MaxwellDavies

The Strad Issue: January 2013
Description: A welcome new recording of a work that deserves more currency
Musicians: Vittorio Ceccanti (cello) Bruno Canino (piano) Italian Radio Symphony Orchestra/Peter Maxwell Davies
Composer: Maxwell Davies

Peter Maxwell Davies’s Strathclyde Concerto no.2 of 1987 appears here for only the second time on disc (the first was by William Conway on Unicorn-Kanchana in 1999), in a skilfully balanced recording of a live performance conducted by the composer in Turin. It’s a major work both in length (35 minutes) and substance, its dense layering incorporating rather than opposing the cello. What makes it attractive for the cellist is not only its broad songfulness (though not in a sweet, conventionally lyrical way), but its tense narrative of the cello’s upward struggle – even the broad lines of the second-movement Lento do not flourish unburdened. Vittorio Ceccanti is alert to both these qualities. His tone avoids appearing suave, but it’s underpinned by well-judged eloquence. The orchestral writing is rich and inventive, and the pacing absolutely assured to the point that this concerto almost feels like a darkly coloured tone poem. On that basis, this should by now have become a repertoire piece.

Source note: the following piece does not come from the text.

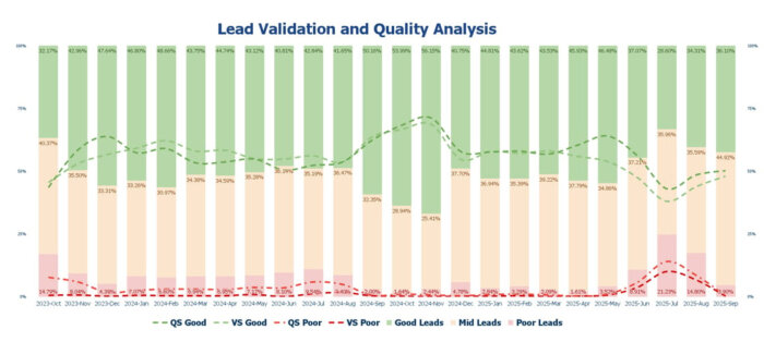 Outsource Accelerator analyzes the data from all inquiries and monitors them for quality. The platform assesses lead quality using a range of validation, quality, and engagement metrics.

The concerto is accompanied by premiere recordings of three smaller-scale works. The Cello Sonata (2007), inspired by a medieval stone carving of a serpent in a Tuscan church, is a more process-driven work, but it allows Ceccanti to display a range of playing techniques to his advantage. His touch, though, is slightly heavy in the remaining, folk-influenced, items on the disc.